The Design and Implementation of a Monitoring System for Super-Large Computing Cluster

PENG Liang*(),NIU Tie,WEI Baoliang,ZHAO Yi   

  1. Computer Network Information Center, Chinese Academy of Sciences, Beijing 100083, China
  • Received:2022-01-27 Online:2023-02-20 Published:2023-02-20

摘要:

【背景】传统集群监控软件在性能、灵活性、可扩展性上无法满足超过10000节点的超大规模计算集群以及多集群系统的监控管理需求。【目的】亟需设计研发新型集群监控系统,提升超大规模计算集群和多集群的运行管理能力与效率。【方法】本文采用总分架构设计,利用消息中间件、分布式存储、REST技术实现了一种超大规模计算集群监控系统。【结果】该系统支持监控指标自定义、数据主动上发、自动告警等功能,具有良好的横向扩展能力。已部署于多套计算集群中,满足上万节点和设备的监控需求,日均采集数据逾200GB。【局限】由于监控指标繁多、监控数据量庞大,针对业务场景的数据关联分析能力有待提升。【结论】本文工作满足了超大规模计算集群及异地多集群系统的自动运管需求,采用的方法对更大规模集群甚至E级计算系统的运管工具的研发具有积极借鉴意义。
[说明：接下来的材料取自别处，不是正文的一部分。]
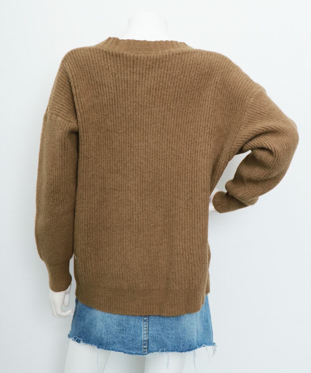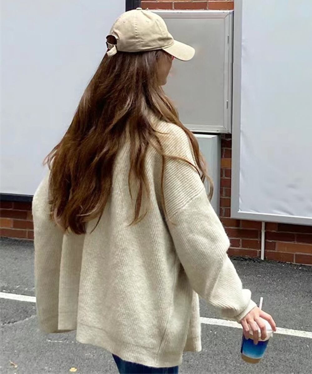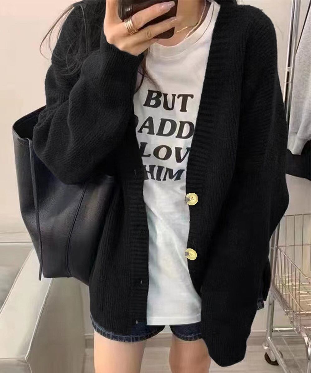 顔周りに程よい抜け感を与えるVネックデザインの長袖ニットカーディガン。

关键词: 超大规模, 计算, 集群, HPC, 监控

Abstract:

[Background] The traditional cluster monitoring systems cannot meet the requirements of multi-clusters and super-large-scale clusters with more than 10000 nodes in performance, flexibility, and scalability. [Objective] It is urgent to develop a new monitoring system to improve the management capability and efficiency for these kinds of clusters. [Methods] This paper adopts message-oriented middleware, distributed monitoring architecture, and REST API to realize a monitoring system for above-mentioned clusters. [Results] The system supports the functions of self-definable metrics, real-time active data sending, and automatic alarm, and is of good extensibility. The system has been deployed in several computing clusters and fits the monitoring needs of the cluster with more than 10000 nodes and devices. The amount of daily data collection is more than 200 GB. [Limitations] Due to numerous kinds of monitoring metrics and mass monitoring data, the data correlation analysis ability for specific business scenarios needs to be improved. [Conclusions] The work presented in this paper meets the need for automatic management of the super-large computing cluster and the multi-cluster systems. It can be a reference in developing the management tools for even larger computing clusters and for the exascale computing systems.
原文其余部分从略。